Pure Passion, Pure Motive

In the true sermon there must always be passion. But the passion must be something that is created by no conscious effort. It must come out of what we are declaring, and out of our consciousness of it. Half the sermons today–may I be forgiven if I am cruel–are failing because they lack the note of passion. Our Lord’s testimony concerning John, His forerunner, was this: “He was a burning and a shining light” (Jn. 5:35). It is one thing to shine; it is quite another to burn as well.

There is a tale told of that great English actor, Macready. An eminent preacher once said to him: “I wish you would explain something to me.”

“What is it? I don’t know that I can explain anything to a preacher.”

“What is the reason for the difference between you and me ? You are appearing before crowds night after night with fiction, and the crowds come wherever you go.

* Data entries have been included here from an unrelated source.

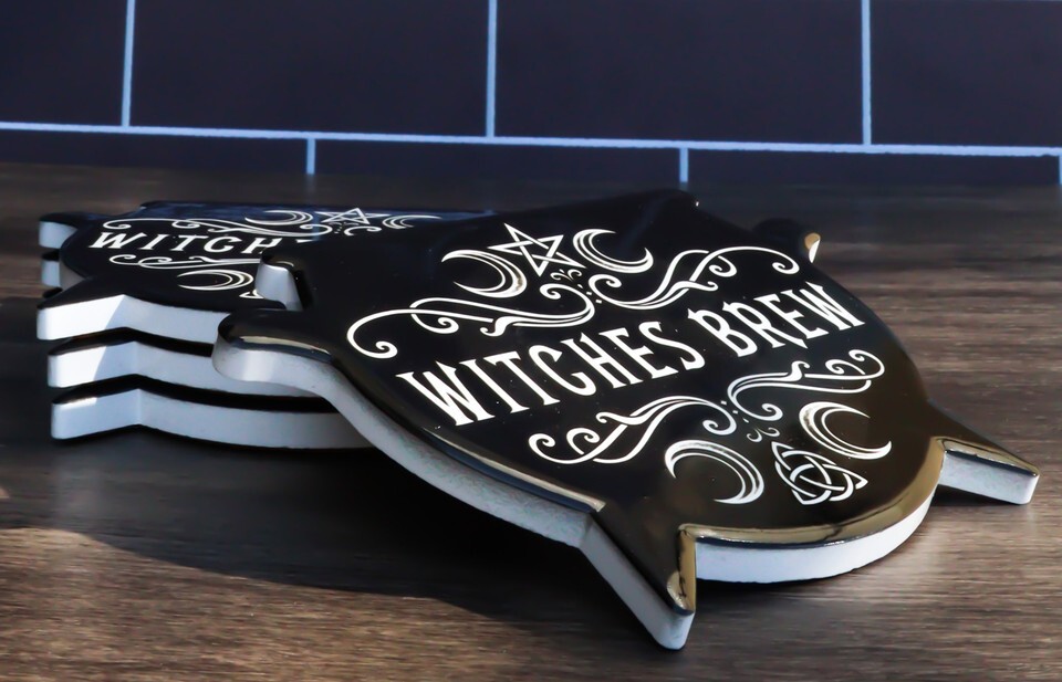 ? Are you a bit witchy and enjoy your brew, then we have the perfect coaster especially for you! Shaped like a witch's potion brew cauldron, these coasters bear the insignias of the triple moon, triskele and pentagram.
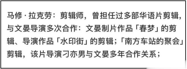 剪辑师马修也和文晏合作过很多次,比如由她担任制片的《春梦》,导演的《水印街》,马修都曾经参与剪辑,可见二人交情匪浅。如此看来,评审团里一共有五个人,但其中两个人和文晏的关系都很亲近。对此,大家都对她报以厚望,期待着她能为华人演员撕下一个奖。
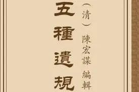 《五種遺規(guī)》,清陳宏謀輯。清代社會(huì)教育和蒙童教育教材,清末中學(xué)堂修身科教材。輯者有感于世上多有弊端,遂于公務(wù)之余,采錄前人關(guān)于養(yǎng)性、修身、治家、為官、處世、教育等方面的著述事跡,分門別類輯為遺規(guī)五種:《養(yǎng)正遺規(guī)》、《教女遺規(guī)》、《訓(xùn)俗遺規(guī)》、《從政遺規(guī)》和《在官法戒錄》,總稱《五種遺規(guī)》。
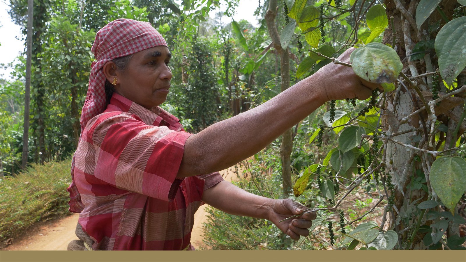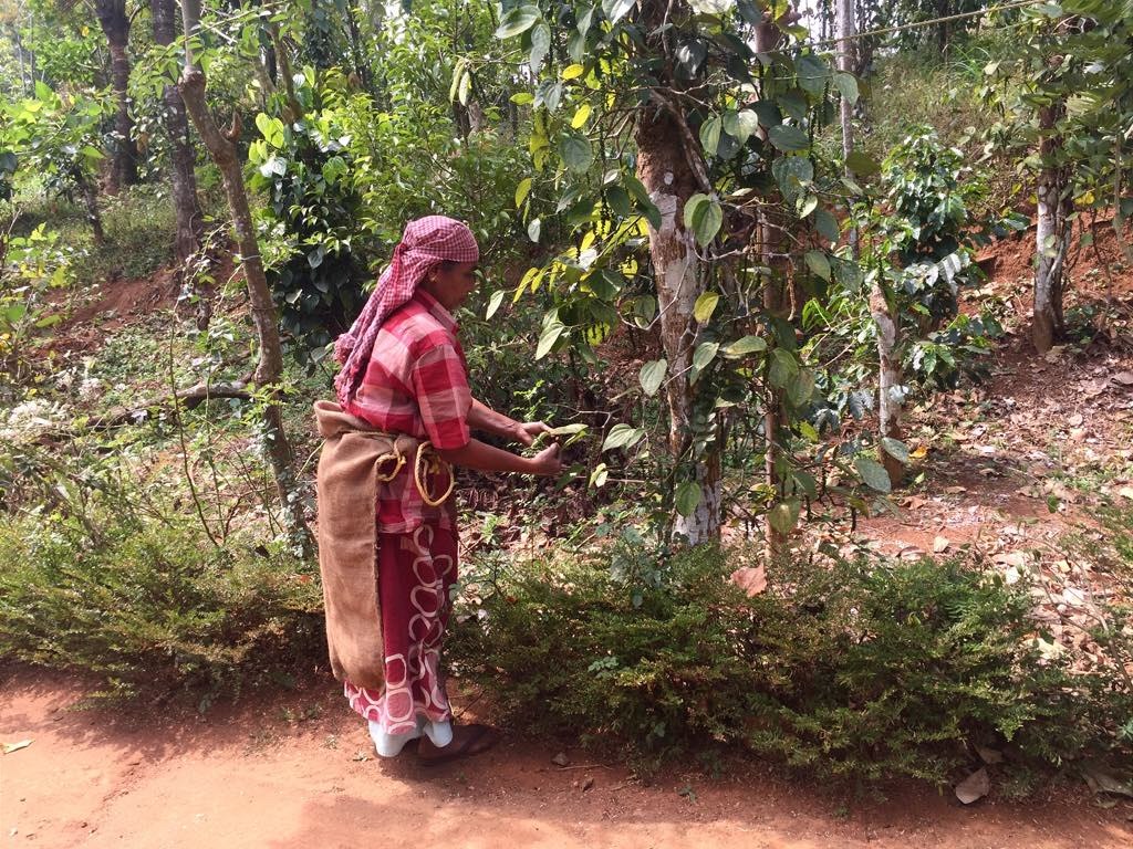 Indická farmářka Omana při sběru pepře.
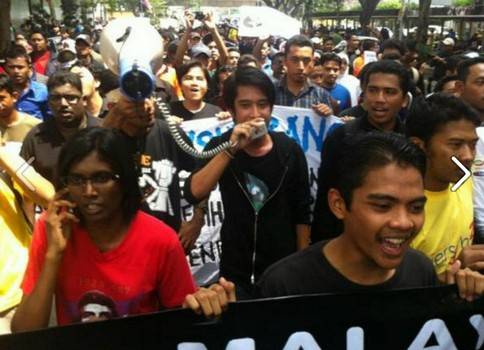 KUALA LUMPUR, 14 April: Ribuan mahasiswa berhimpun di hadapan kompleks membelibelah Sogo bagi menuntut dimansuhkan PTPTN dan percumakan pendidikan.

I am preaching the essential and unchangeable truth, and I am not getting any crowd at all.”

Macready’s answer was this: “That is quite simple. I can tell you the difference between us. I present my fiction as though it were fact; you present your fact as though it were fiction.”

I leave that story right at this point. Of course the question comes, whether a man can preach these things without passion if they are truth to him. I don’t know; I must not sit in judgment on other men. But our theme as preachers of the Word has to do with the glory of life–with the tragedy of sin, and its remedy; I cannot see how anyone can really handle these things until he is handled by them. A man was formerly said to “handle his text.” If he handles his text he cannot preach at all. But when his text handles him, when it grips and masters and possesses him, and in experience he is responsive to the thing he is declaring, having conviction of the supremacy of truth and experience of the power of truth, I think that must create passion.

I am not arguing for mere excitement. Painted fire never burns, and an imitated enthusiasm is the most empty thing that can possibly exist in a preacher. Given the preacher with a message from the whole Bible, seeing its bearing on life at any point, I cannot personally understand that man not being swept sometimes right out of himself by the fire and the force and the fervor of his work…

The preacher should never address a crowd without remembering that his ultimate citadel is the citadel of the human will. He may travel along the line of the emotions, but he is after the will. He may approach along the line of the intellect, but he is after the will. When preaching becomes merely discussion in the realm of the intellect, or–forgive my use of the word–fooling in the realm of the emotions, and when preaching ends in the intellectual or emotional, it fails. It is successful only when it is able to storm the will, under the will of God. The preacher comes with good news; but he does not come with something to be trifled with. His message has an insistent demand, because he comes on behalf of a King.